Class of one-person racing yacht

The International 2.4mR is a one-person keelboat. The class is a development class governed by the 2.4mR rule. The rule controlled by World Sailing (formerly known as ISAF) is one of the few classes designated as an International Class. The International 2.4mR Class rule is closely related to the International 12mR class rule that was used at the America's Cup.

While there is a small but active group of amateur or professional designers and builders around the world, around 90% of the 2.4mR boats are the commercially produced Norlin Mark III designed by Swedish yacht designer Peter Norlin. Over the years, new 2.4mR designs such as the Stradivari III, the Proton and the Super 3 have come into production.

The 2.4mR boats are primarily used for racing and the class holds highly competitive national events in many countries. World and European championships can attract as many as 100 boats at a time.

The 2.4mR is ideal for adaptive sailing since the sailor barely moves in the boat, and all settings can be adjusted from a facing forward seated position. Both hand-steering and foot-steering are possible. The boat is sailed without a spinnaker, but it is equipped with a whisker-pole that is extending outward to hold the shape of the jib when sailing downwind. The boat's capability as a truly inclusive sailing boat has been demonstrated over many years at multiple Open World Championships.

==History==
After the 1980 America's Cup, people in the Newport, RI area started sailing boats called Mini-12s. They were named after the 12-Metre yachts that were used at the America's Cup. As the fleet started to grow, the word spread to Sweden, home of the yacht designer Peter Norlin. Peter Norlin refined the original designs, and along with other naval architects, they collectively initiated the International 2.4mR Class that we know today. Although the 2.4mR is a development class, Peter Norlin has become the dominant designer, and the class is therefore often mistaken as a one-design class.

==One-design==
In recent years attempts have been made to develop a one-design class based on the 2.4 Norlin Mark III. This was primarily because the competition within the Paralympics was meant to be more about the sailors' competitiveness and less about the equipment. This led to the introduction of Appendix K to the Class rules and a group of individuals started to work on a set of stand-alone one-design rules. This is still at the early stages but this effort is likely to lead to the emergence of a new one-design 2.4mR class alongside the existing development 2.4mR class.

==Rating formula==
As an open class rather than a one-design, all boat designs must meet the following formula.

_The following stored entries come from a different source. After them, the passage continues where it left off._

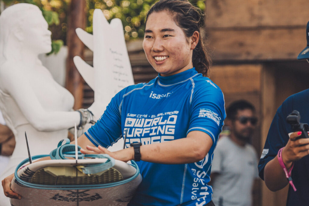 虹帆選手は1本目で 4.00 をスコア。さらにパドルバック中に掴んだ波で 6.93 を獲得し、そのリードを守り切りました。
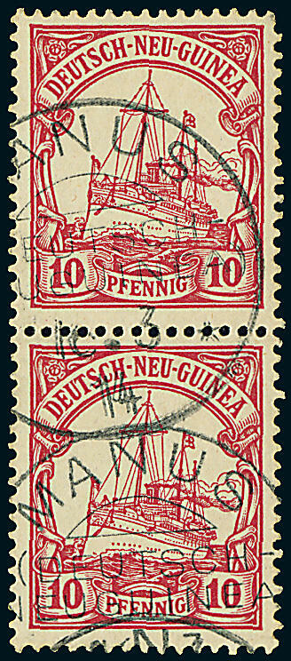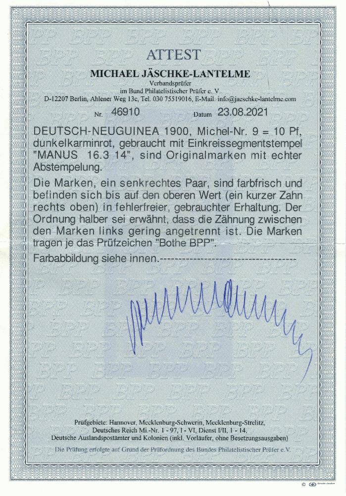 | Zusatzinformationen und Suchstichworte: | Dr. Derichs 165. Auktion Auktionstermin: 10. - 11. Juni 2022 Los 3910 Deutsche Kolonien Neuguinea "Manus (Deutsch-Neuguinea) 16.3.14", mehrfach klar abgeschlagen auf senkrechtem Paar 10 Pfg. "Kaiseryacht". Obere Marke mit leicht abgerundetem Eckzahn und links im Markenzwischenraum minim angetrennt, soweit tadellos. Ein seltener Stempel. Beide Marken tiefst geprüft Bothe BPP und neues Fotoattest Jäschke-Lantelme BPP. (ARGE für Briefstück mit nur einer Marke = 250.-). Ausruf 120,00 EUR |
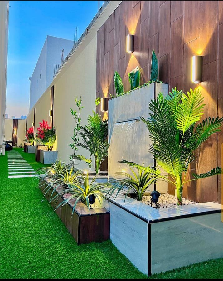 نوفر حلول ري حديثة وإضاءة خارجية مدروسة تسهم في الحفاظ على النباتات وتبرز جمال الحديقة ليلًا، مع تقليل استهلاك المياه والطاقة.
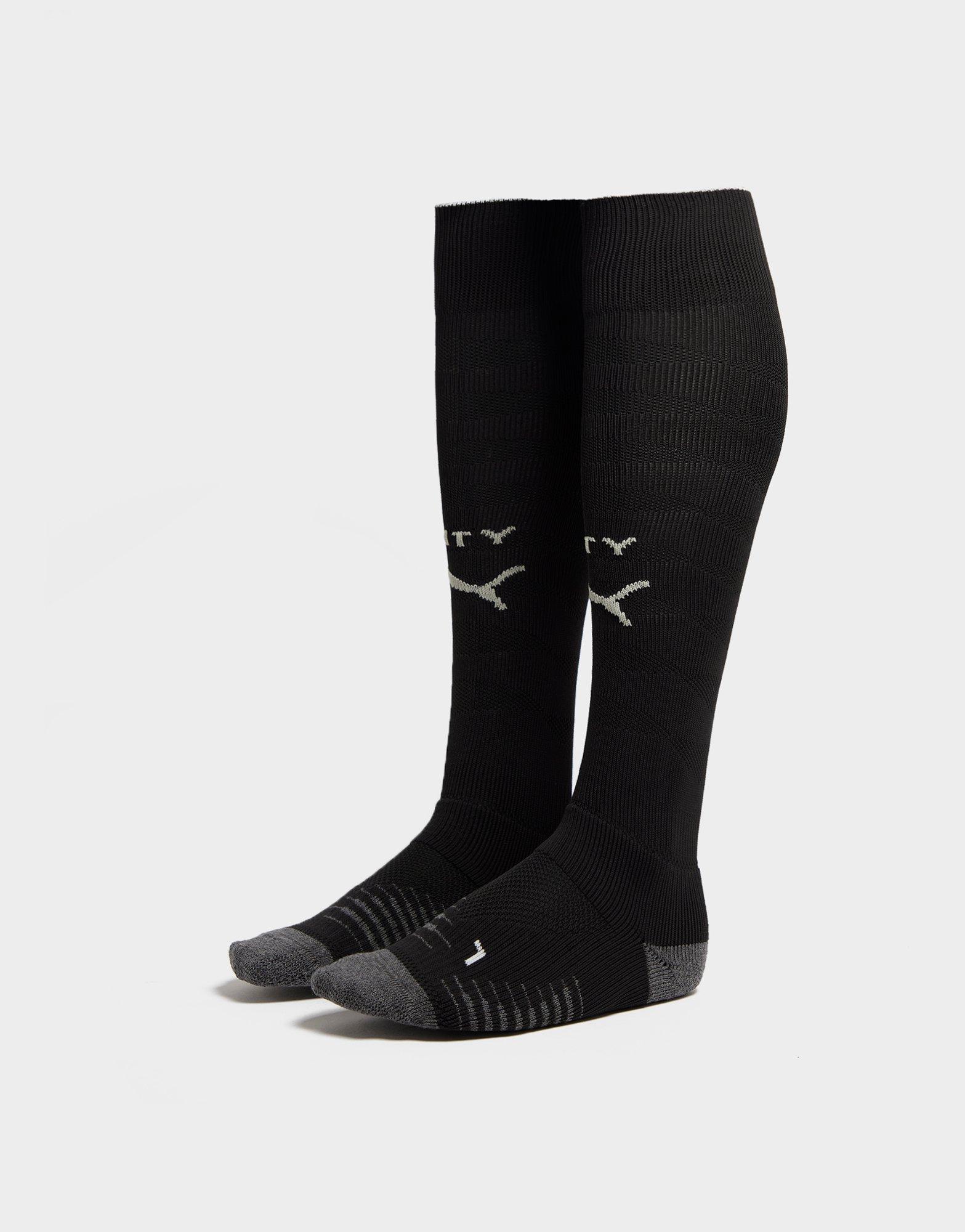 Completing the kit? We got you. Cop these men's Manchester City FC 2025/26 Away Socks from PUMA. Cut from light and stretchy fabric for lasting wear, they're equipped with dryCELL tech to remove sweat. Mesh panels offer airflow. Padding underfoot brings cushioning and support. Landing in smooth black, they're finished with the City crest and signature branding. Machine washable.
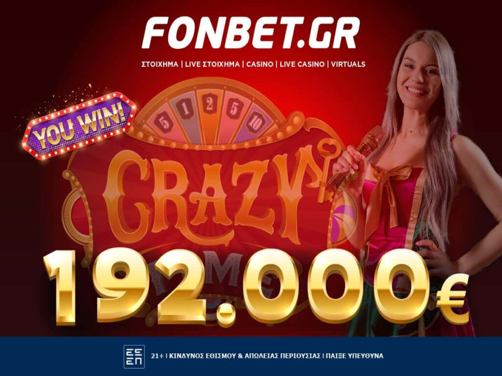 Crazy Time: Παίκτης της Fonbet κέρδισε 192.000€ στο Live Casino!
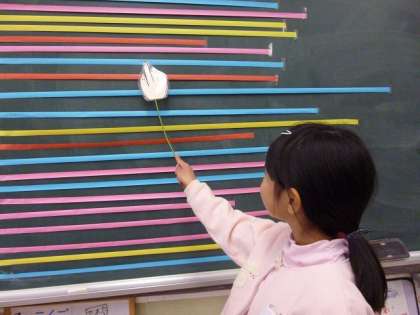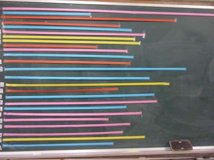 その後に,1mに一番近い長さをはかれる「1mものさし名人」を決めました。子どもたちは「これぐらいかな?」と言いながら,紙テープを切りました。全員の長さを比べてみると,「長かったかな」「短かったかな」という声が聞こえてきました。1mものさしと比べると,1mにほぼぴったりの子どもがいました。子どもたちから「すごい!」と声が出ました。長さの感覚を少し感じ取ってもらえたら嬉しいなと思います。
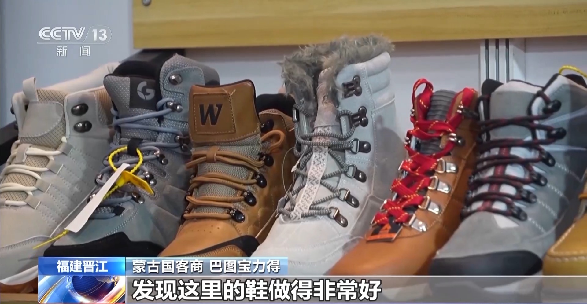 蒙古国客商 巴图宝力得:这里有好多科技方面的新产品、新设备,本来我们只是来考察的,发现这里的鞋做得非常好,适合我们蒙古国的天气,所以一看就订货了。
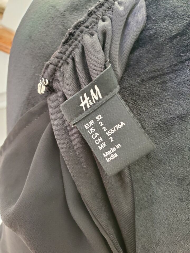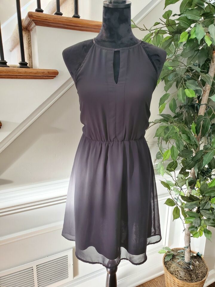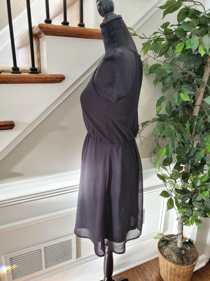 H M Women Solid Black Polyester Halter Neck Sleeveless Knee Length Dress Size 2
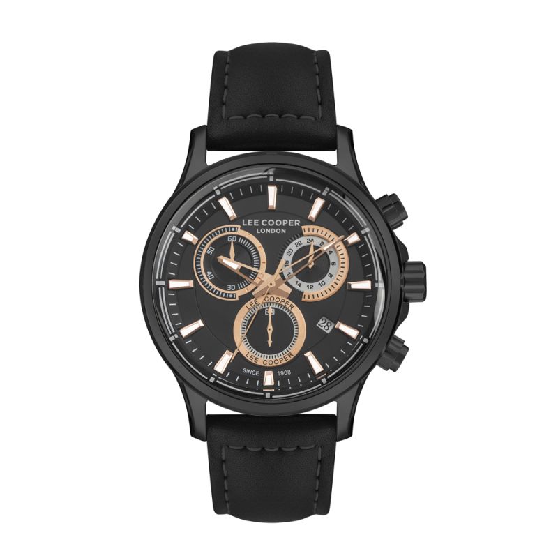 Класически модел мъжки часовник Lee Cooper с черен дисплей тип хронограф. Корпус изработен от супер

$\frac{L + 2d + \sqrt{S} - F}{2.37} \leq 2.4 \mbox{ metres}$

(all measurements in mm)
- L = the "corrected" length of the hull (see rule D.6.3)
- d = the midship girth difference (see rule D.6.4)
- F = the average freeboard height (see rule D.6.5)
- S = the total rated area of the mainsail and jib combined.

==Events==

===Para World Sailing Championships===

The 2.4 metre has been used a number of times as equipment for the One-Person Technical Disabled discipline which holds an annual World Championships.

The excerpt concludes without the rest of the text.